8 kwietnia 2003r o godz 15.15 przyszedl na swiat moj synus Mikołaj. Wazyl 520 gram.
To co zrobili ze mna i z moim dzieckiem lekarze to jest skandal. Lezalam od soboty do wtorku w szpitalu i nik mi nie pomogl. Od poczatku postawili nas na spalonej pozycji. Wydali na nas wyrok. Nikt nie walczyl o moje dziecko. Jestem zrozpaczona. Tyle czekania na zajscie w ciaze, tyle miesiecy lezenia a na koniec taka tragedia. Rzaem z mezem nie mamy zamiaru odpuscic szpitalowi. Mam nadzieje, ze cos osiagniemy i nie zniszczy nas biurokracja i nie bedziemy potraktowani jako kolejny przypadek w statystyce.
Chce sie na jakis czas pozegnac z wami, bo w tej chwili moje serce rozsadza ogromny zal i smutek. Musimy z mezem przejsc jakos te ciezkie chwile.
Pozdrawiam serdecznie. Iwona N. +Lwiątko (13.08.2003r.)

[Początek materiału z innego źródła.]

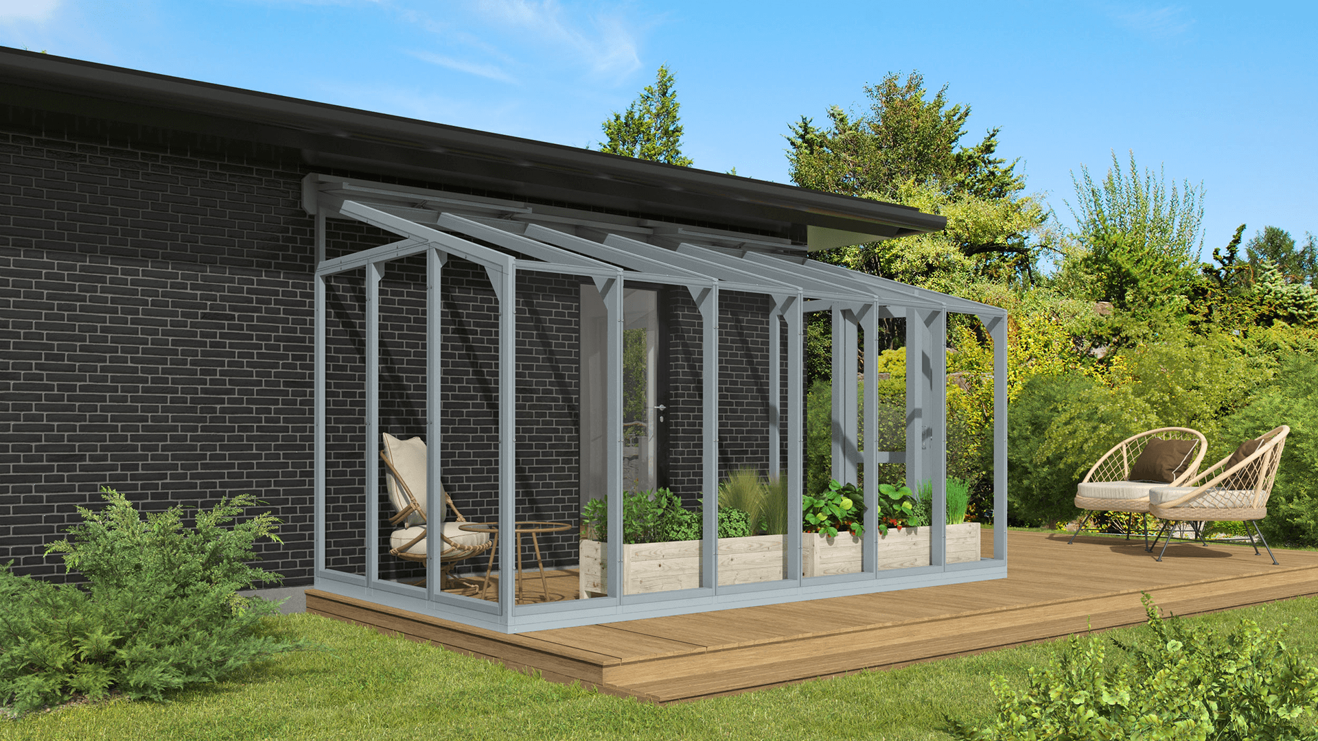 Pieejama plašā iespaidīgu krāsu klāstā, sienas siltumnīca LT 2 ļauj izvēlēties ideālo toni, kas papildinās jūsu unikālo stilu un ārtelpas dizainu. No maigiem, dabīgiem toņiem, kas harmoniski iekļaujas ainavā, līdz drosmīgām, uzmanību piesaistošām krāsām, kas rada izteiksmīgu akcentu — katra izvēle ir radīta, lai izceltu jūsu dārza skaistumu.

Strona 3 odpowiedzi na pytanie: URODZILAM W 22 TYGODNIU
Re: URODZILAM W 22 TYGODNIU
Iwono, jeśli tu zaglądasz, zajrzyj w prywatną. Chcieliśmy się z Tobą podzielić naszymi przeżyciami. Basia
Re: URODZILAM W 22 TYGODNIU
bardzo mi przykro, wiem, ze zadne slowa nie pomoga. trzymajcie sie z mezem cieplutko.
pozdrawiam
kam i maluszek
termin 25.08.03
Re: URODZILAM W 22 TYGODNIU
Tak bardzo mi przykro…
Tak bardzo…..
/
Re: URODZILAM W 22 TYGODNIU
Bardzo mi przykro,poryczałam się jak bóbr. Życzę Wam dużo szczęścia i powodzenia.

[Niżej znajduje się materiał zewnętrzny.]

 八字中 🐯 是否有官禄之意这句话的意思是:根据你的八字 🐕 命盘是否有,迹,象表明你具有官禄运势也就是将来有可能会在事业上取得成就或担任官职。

Marcelka i Melek (12.12.2002)
To straszne
Bardzo, ale to bardzo mi przykro. I też sądzę że powinni Cię lepiej potraktować.
Pracuję w prywanej przychodni, w której znajduje się też szpital i wiem jak należy postępować z pacjentem. Mimo że pracuję w biurze orientuję się czy były szanse na przeżycie małego. I wiem że lekarze powinni walczyć o życie a nie pozostawić biegowi samemu sobie.
Jeśli będziesz miała jakieś pytania zawsze postaram się Ci pomóc.
Jeszcze raz bardzo mi przykro. Czytając Twoją wiadomość nic innego nie robię jak tylko płaczę.